The movie “Underworld: Evolution” starts in 1202 A.D. with a group of medieval vampires who come across a small village ravaged by werewolves.
Everyone is dead, and there’s some useless dialogue spat between characters until finally the dead villagers begin to turn into werewolves, or Lycans, as the movie wants you to call them.
And you better make sure you call them Lycans when you talk about the movie, because you might run into some dumb jerk who actually liked the movie and will so rudely correct you. Lycan is, of course, short for Lycanthrope, but for some reason the makers didn’t want to call them that. So they shortened it to Lycan in order to emphasize their broad range of creativity.
The CGI has improved since the last film, but it’s still very fake looking. It would be in the best interest of the producers to invest in something other than computer graphics because right now, most of the CGI in movies I’ve seen hasn’t been convincing at all.
This sounds like a drastic measure, but you may be able to get better effects from puppeteers and make-up than CGI at this point.
The protagonist Selene (Kate Beckinsale) and her partner, the half-werewolf half-vampire Michael Corvin (Scott Speedman), come across this secret lab in mountains that they knew about, and go in. They find a dead werewolf that somehow remained intact (supposedly werewolves regress back to their human forms after they die).

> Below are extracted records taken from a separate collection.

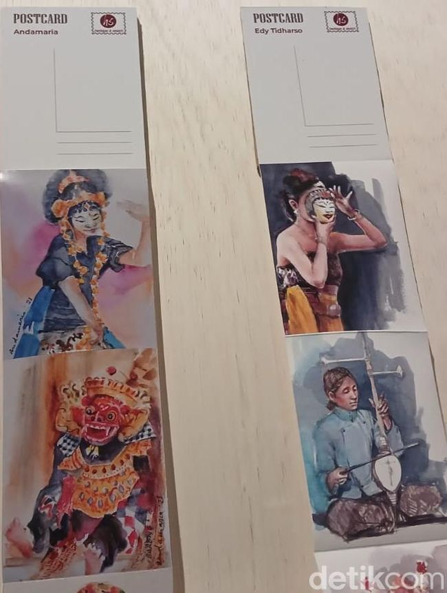 "Unity in Diversity menjadi pesan utama kami melalui kartu pos ini. Setiap gambar adalah jejak yang mengingatkan kita pada kearifan lokal yang menyatukan Indonesia. Salah satunya karya dari Pak Edy Tidharso, bayangkan orang sesibuk Pak Edy masih menyempatkan diri untuk menggambar 60 post card, jadi dia menggambar kebanyakan tari topeng, beberapa juga tarian yang tanpa topeng, bertukar dengan temen teman yang lain," tambahnya.
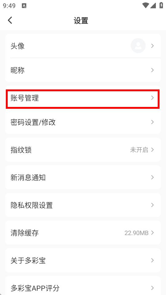 3、在设置界面里,找到并点击账号管理选项。
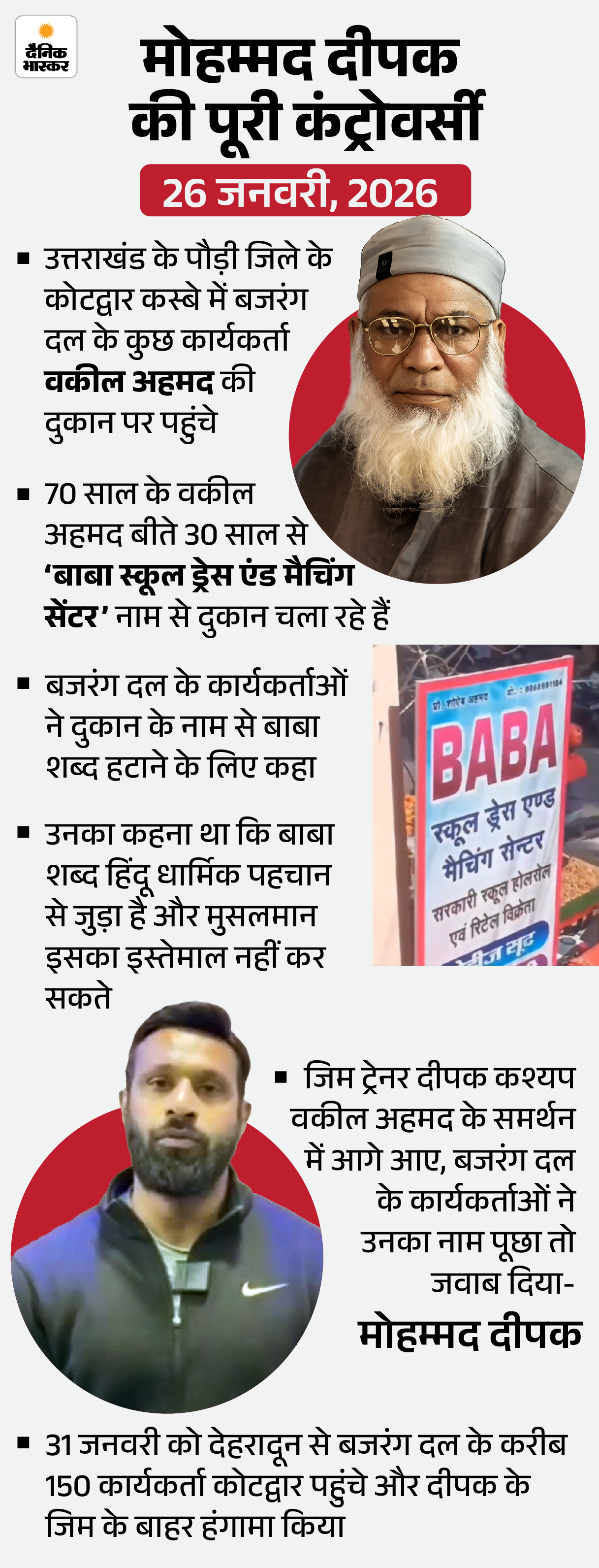 कोटद्वार में पटेल मार्ग पर बाबा स्कूल ड्रेस नाम की दुकान है। ये दुकान 70 साल के वकील अहमद की है। बजरंग दल के कार्यकर्ताओं को दुकान के नाम पर आपत्ति थी। वकील अहमद ने कहा था कि वे दुकान का नाम बदल लेंगे।

Michael was like “Oh, man, this dead werewolf is still a werewolf, that blows my mind. How come it didn’t change back?”
To which Selene replied, “It’s been given an anti-regression serum, see?” showing him a tag on the werewolf, which plainly said:
“TO STOP REGRESSION.”
Wow, good thing that tag was there, or I wouldn’t have known what the hell was going on.
I’m not going to go any further into the story. I’ll let you spend the $8.50 I didn’t have to, because the folks at Pacific Theatres were nice enough to let me in for free. Actually, the real reason I won’t continue with the story is because I really don’t care to, and please don’t waste your money to go see it.
As for a positive note, this movie was better than the original, which isn’t saying much at all.
Also, bad movies always have secondary titles: “Underworld: Evolution,” “Resident Evil: Apocalypse,” “Hammer Head: Shark Frenzy,” etc.
Why do actors in heavy make-up always sound like they have cotton balls in their mouth? They need to redub these folks because it sounds cheesy.
The bad guy was an evil vampire guy with wings. It was kind of cool looking, but there was a scene where he fell off a truck and tumbled off the road, his robe flew up over his head and you could see his underwear, which took some of that coolness away.
The main character was hot.
Another point about bad action movies is that they try to fill in so much of the movie with useless dialogue that no one really cares about or needs to hear.
The writers were probably brain-storming, “You know, I saw some really good chemistry between characters in a really super good four-star movie I was not involved in.
So, I think it would be a smart move to try and recreate some decent character development for our movie.”
The only problem is, of course, they have no idea how to achieve anything close to that, so you’re left with a solid hour of corniness and boredom, when there could have been good fight scenes.
If you in no way possess the skills to pull off decent character growth, you shouldn’t try. If it’s an action movie you’re making, just put more action in it.
And why do the characters bother shooting regular guns at each other? It doesn’t accomplish anything, so what is the point of that?
To summarize this movie, the emotionless team of good guys ran around killing bad guys while listening to every other character’s life story until it finally ended and I was able to leave.